SEOUL — Secretary of State Condoleezza Rice yesterday became the most senior U.S. official to visit a highly sensitive joint command center for American and South Korean forces that would be the battle headquarters in a conflict with North Korea.

But just before touring Command Post TANGO, or Theater Air Naval Ground Operations, south of Seoul, Miss Rice said the United States is “committed to diplomacy” to resolve the standoff over the North’s nuclear-weapons program.

This morning, Miss Rice said economic and security incentives were available if North Korea were to return to six-party talks and abandon its nuclear arms.

She said Washington had no intention of attacking North Korea — an attempt to allay Pyongyang’s fears that the United States has a “hostile” policy against it.

“There is a lot for North Korea, that could benefit North Korea, if they are prepared to come back to the six-party talks and to do so seriously,” Miss Rice told Internet-based reporters at an event briefly disrupted by a protester demanding she do more to stop human rights abuses in North Korea.

Her visit yesterday to the bunker coincided with joint war exercises for thousands of American and South Korean troops held twice a year, which was immediately denounced by Pyongyang as preparation for war.

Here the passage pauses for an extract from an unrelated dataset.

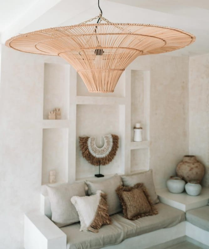 Klosz rattanowy idealnie sprawdzi się do wnętrz w stylu contemporary, boho, skandynawskim, japandi, nadmorskim. Jest stylowy i designerski. Uzupełni wystrój mieszkania dodając pomieszczeniu ciepła, przytulności, naturalności. Przeznaczony do zawieszenia w jadalni, w kuchni nad stołem, do salonu, jak i w sypialni. Zastosowany zamiast klasycznej, tradycyjnej lampy sufitowej stanie się jednym z ciekawszych elementów aranżacyjnych pomieszczenia. Wspaniale komponuje się z bielą, beżami, brązem, czy szarościami.

“I know that you face a close-in threat every day, and I know that you face also the fact that the Republic of Korea, a great democracy now, faces the threat across the divide of a state that is not democratic, that is not free and that does not have the best interests of its people at heart,” she told the troops.

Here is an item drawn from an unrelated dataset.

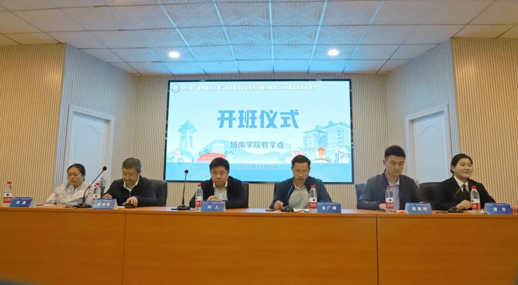 11月5日,2023年“宏志助航计划”就业能力培训(威廉体育williamhill基地城南学院教学点)开班仪式在城南学院201会议室隆重举行。威廉体育williamhill招就处副处长田上、授课教师代表陈鑫林出席仪式,六班七班班主任和全体学员参加。城南学院副院长朱广峰主持开班仪式。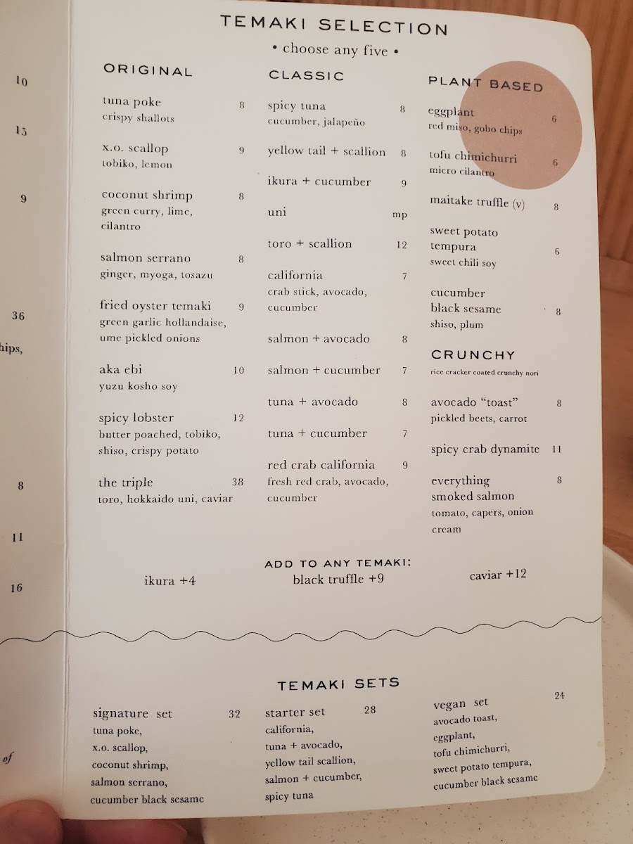 The menu at Nami Nori is both straightforward and enticing, with a focus on hand rolls that express the essence of sushi in a form that's not just sustainable but also shareable. Guests highly recommend the Signature Set, which consists of five distinct hand rolls. Each bite carries the freshness of high-quality ingredients and is beautifully presented, a feast for both the eyes and the palate. Standout options like the Coconut Shrimp hand roll, lauded for its delicious adventure of flavors and textures, deliver a surprising delight even to those who aren’t usually fans of sushi. With a commitment to gluten-free ingredients and an impressive selection of soft drinks, the restaurant ensures all diners feel welcome.

“In parts of the world, the Cold War has ended, and we’ve been able to be on a continent like Europe that is now whole and free,” she said. “But, of course, divisions remain here in Korea.”

The secretary flew to the bunker, which is built into a mountain, on a Black Hawk helicopter after arriving from Tokyo at Seoul’s military airport. She then was given a classified briefing.

Miss Rice, who often speaks of “the freedom divide,” thanked the troops for serving “on the front lines of freedom.”

Earlier in Tokyo, she challenged North Korea to return “immediately” to the six-party talks on its nuclear-weapons program.

“We are committed to diplomacy, but I think it goes without saying that no one is going to be prepared to allow the North Koreans to just go down a road that threatens everyone,” she said at a press conference with Japanese Foreign Minister Nobutaka Machimura.

“We have been very careful to have people choose their own diplomatic paths and their own mix of incentives and leverage to deal with the North Korean problem,” Miss Rice said.

Still, she said, “China has a particular opportunity and responsibility here, and I will soon be discussing in Beijing how the United States and China can advance our common interests on this and others.”

In addition to the United States, China and North Korea, the six-party process also includes Japan, South Korea and Russia.

Miss Rice flies today to Beijing, where she will meet with President Hu Jintao and other top Chinese officials.

Along with North Korea, she will discuss thorny bilateral issues such as political openness, human rights and Taiwan.

On the eve of her visit, Chinese police formally charged a dissident with trying to subvert the state.

Zhang Lin, who was detained in late January after he tried to pay his respects to the family of deposed Communist Party chief Zhao Ziyang shortly after his death, was charged by police in the town of Bengbu, in his home province of Anhui, to the southeast of Beijing.

“His wife, at 9 this morning, received a notice from police that he has been formally arrested and charged with attempting to subvert state power,” Ren Wanding, a friend and Beijing-based activist, was quoted as saying by wire reports.